TASK REQUIREMENTS >>
Omit all pictures. Print the remaining lines exactly, from the start of the data through the line containing "145 084-0 von".

RECORDED INFORMATION >>
--- START ---

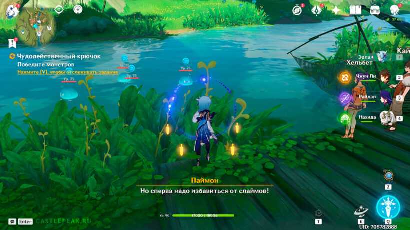 В процессе ловли внезапно появятся гидро слаймы, разберитесь с ними.
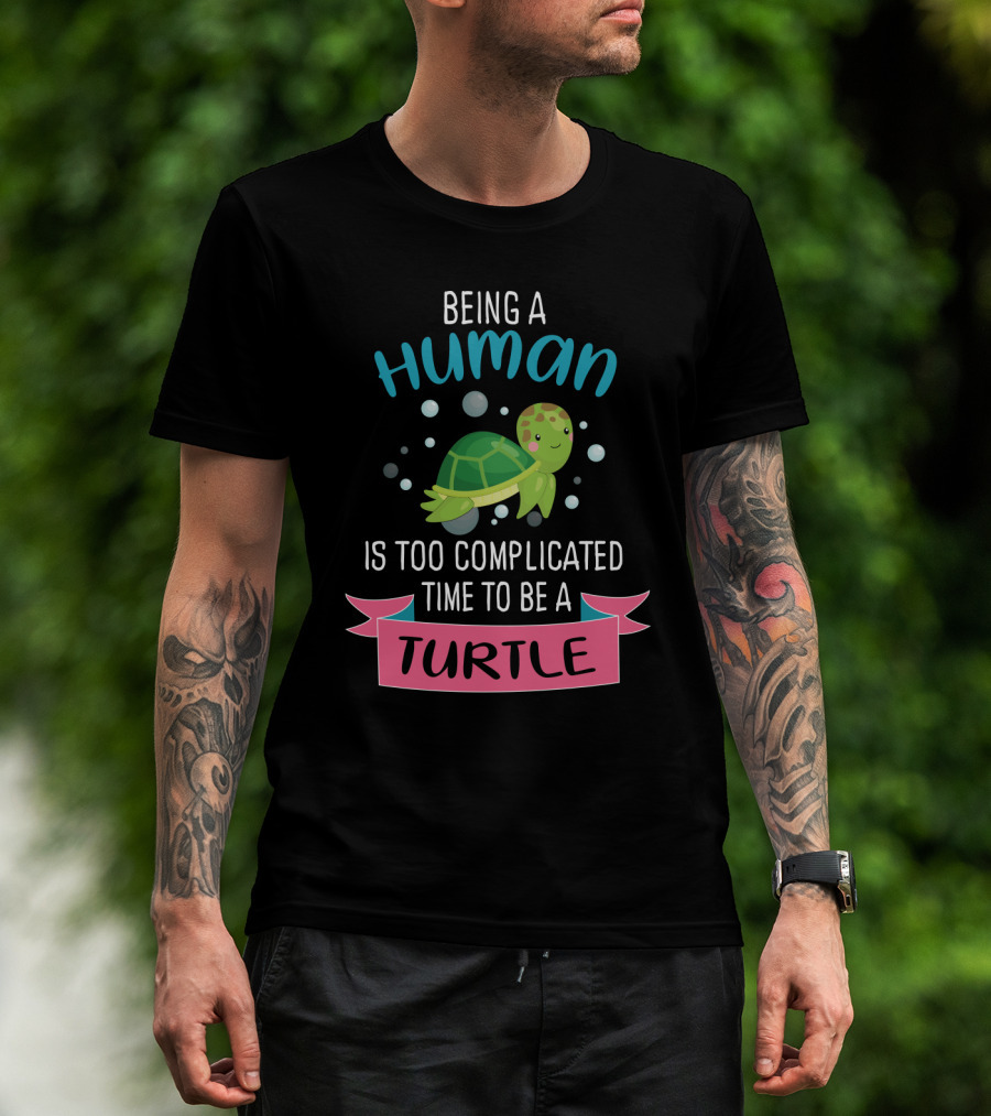 Being A Human Is Too Complicated Time To Be A Turtle Funny Quote With Cartoon Turtle T-Shirt
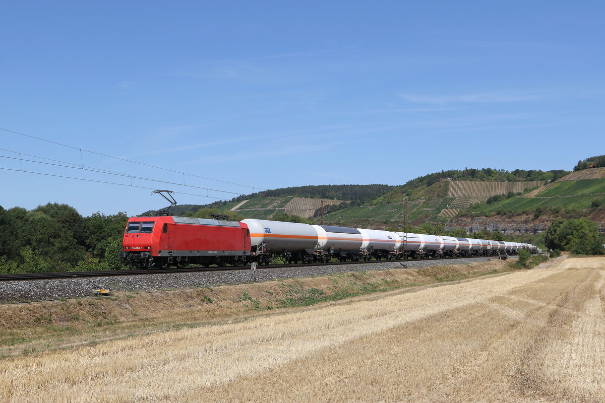 145 084-0 von "Rhein Cargo" mit einem Kesselwagenzug am 2. September 2016 bei Hamburg-Moorburg.
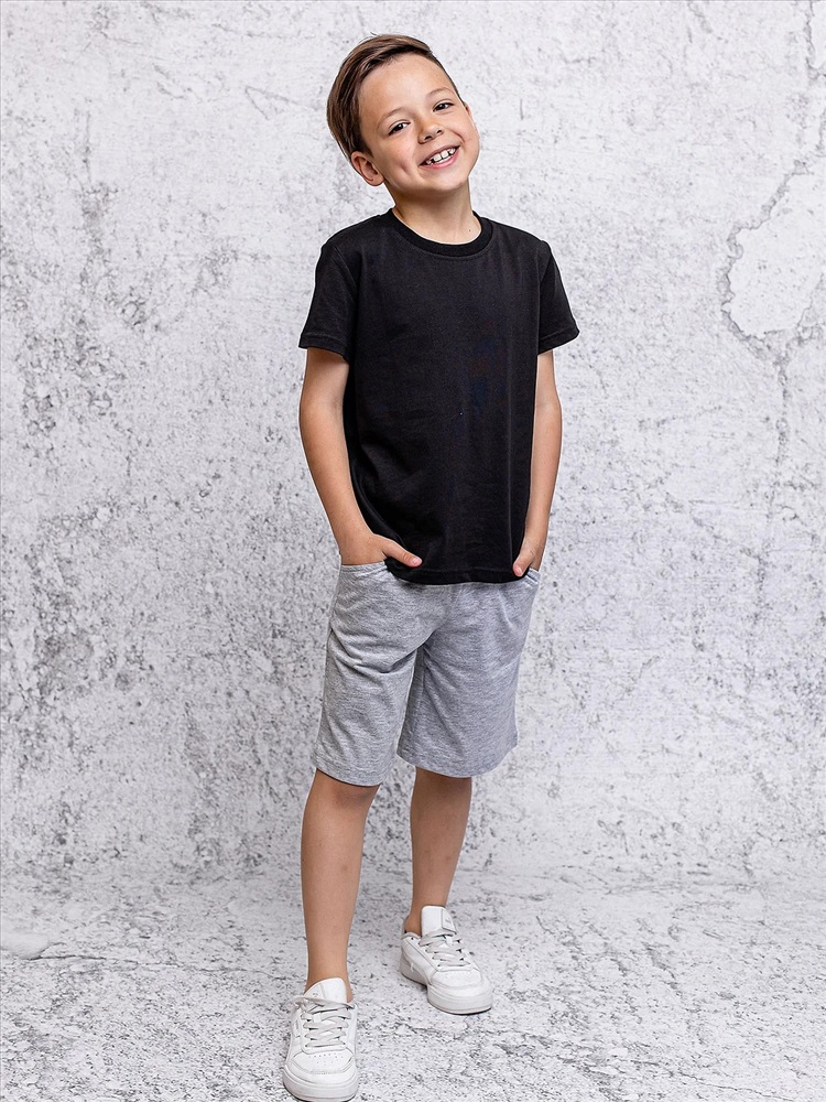 Шорты для мальчика серые трикотажные из супрема. Мягкие и удобные летние шорты прекрасно держат форму, не вытягиваются, не стесняют движений и идеально подходят для занятий спортом и отдыха. Шорты детские являются незаменимым элементом детского летнего гардероба, подойдут для уроков физкультуры и занятий в зале.
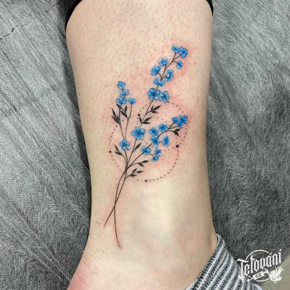 Tetování květiny, luční kvítí na noze

--- END ---

SOLVED EXERCISE >>
 В процессе ловли внезапно появятся гидро слаймы, разберитесь с ними.
 Being A Human Is Too Complicated Time To Be A Turtle Funny Quote With Cartoon Turtle T-Shirt
 145 084-0 von "Rhein Cargo" mit einem Kesselwagenzug am 2. September 2016 bei Hamburg-Moorburg.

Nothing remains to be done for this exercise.